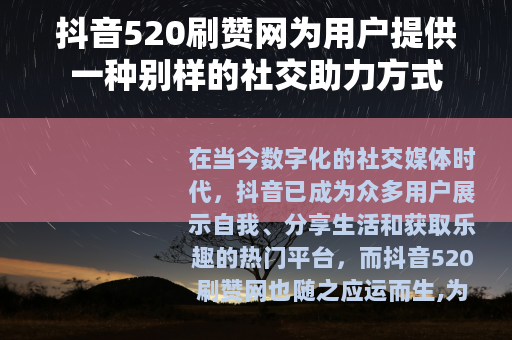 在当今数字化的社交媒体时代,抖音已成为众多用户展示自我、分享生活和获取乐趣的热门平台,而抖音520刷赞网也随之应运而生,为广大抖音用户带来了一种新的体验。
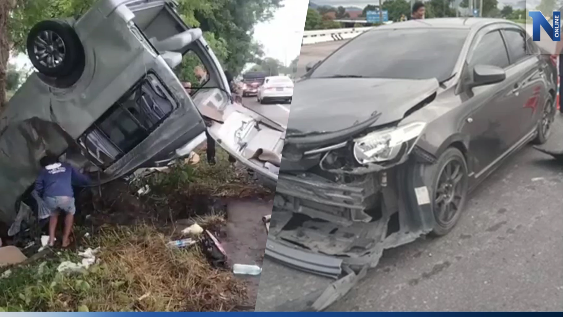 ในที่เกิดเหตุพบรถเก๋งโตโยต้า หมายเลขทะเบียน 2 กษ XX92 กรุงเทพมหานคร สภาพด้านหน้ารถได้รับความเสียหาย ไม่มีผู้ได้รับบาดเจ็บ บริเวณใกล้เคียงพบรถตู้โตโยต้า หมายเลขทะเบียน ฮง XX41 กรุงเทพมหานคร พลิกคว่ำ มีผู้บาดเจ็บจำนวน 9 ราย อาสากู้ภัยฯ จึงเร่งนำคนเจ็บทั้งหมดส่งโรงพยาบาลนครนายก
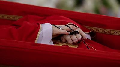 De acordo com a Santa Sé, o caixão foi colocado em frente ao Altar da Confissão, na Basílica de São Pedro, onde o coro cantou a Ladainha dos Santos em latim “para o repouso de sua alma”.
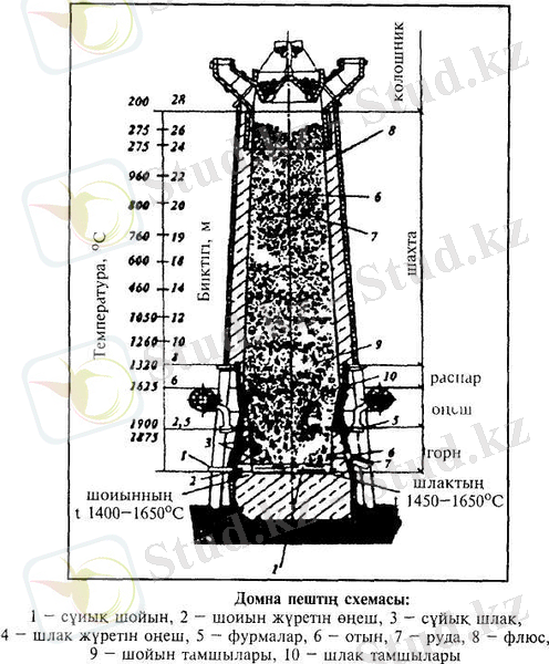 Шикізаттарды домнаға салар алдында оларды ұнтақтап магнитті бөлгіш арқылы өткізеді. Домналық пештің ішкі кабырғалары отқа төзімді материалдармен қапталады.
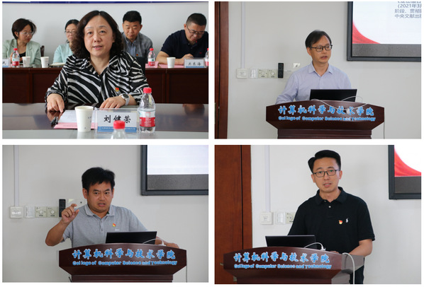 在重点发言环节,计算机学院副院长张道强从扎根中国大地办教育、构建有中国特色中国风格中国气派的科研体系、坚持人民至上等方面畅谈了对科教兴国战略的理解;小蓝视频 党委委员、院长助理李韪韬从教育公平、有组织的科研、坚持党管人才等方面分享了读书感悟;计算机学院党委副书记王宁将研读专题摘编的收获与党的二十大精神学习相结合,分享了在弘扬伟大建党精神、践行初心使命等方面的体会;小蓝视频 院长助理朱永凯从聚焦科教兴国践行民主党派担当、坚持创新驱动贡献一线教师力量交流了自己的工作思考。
* * *
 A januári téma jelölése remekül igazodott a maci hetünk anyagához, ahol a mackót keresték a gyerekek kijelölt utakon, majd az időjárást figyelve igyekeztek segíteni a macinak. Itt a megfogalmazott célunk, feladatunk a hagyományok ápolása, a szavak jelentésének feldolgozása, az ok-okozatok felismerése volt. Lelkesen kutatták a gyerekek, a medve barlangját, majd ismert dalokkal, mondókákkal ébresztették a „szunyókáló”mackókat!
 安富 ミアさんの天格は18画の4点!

What the task asks = Restate word for word the lines of the data above that begin at the line with "ในที่เกิดเหตุพบรถเก๋งโตโยต้า หมายเลขทะเบียน 2" and end at the line with "Шикізаттарды домнаға салар", keeping both ends and dropping every picture.

Your solution =
 ในที่เกิดเหตุพบรถเก๋งโตโยต้า หมายเลขทะเบียน 2 กษ XX92 กรุงเทพมหานคร สภาพด้านหน้ารถได้รับความเสียหาย ไม่มีผู้ได้รับบาดเจ็บ บริเวณใกล้เคียงพบรถตู้โตโยต้า หมายเลขทะเบียน ฮง XX41 กรุงเทพมหานคร พลิกคว่ำ มีผู้บาดเจ็บจำนวน 9 ราย อาสากู้ภัยฯ จึงเร่งนำคนเจ็บทั้งหมดส่งโรงพยาบาลนครนายก
 De acordo com a Santa Sé, o caixão foi colocado em frente ao Altar da Confissão, na Basílica de São Pedro, onde o coro cantou a Ladainha dos Santos em latim “para o repouso de sua alma”.
 Шикізаттарды домнаға салар алдында оларды ұнтақтап магнитті бөлгіш арқылы өткізеді. Домналық пештің ішкі кабырғалары отқа төзімді материалдармен қапталады.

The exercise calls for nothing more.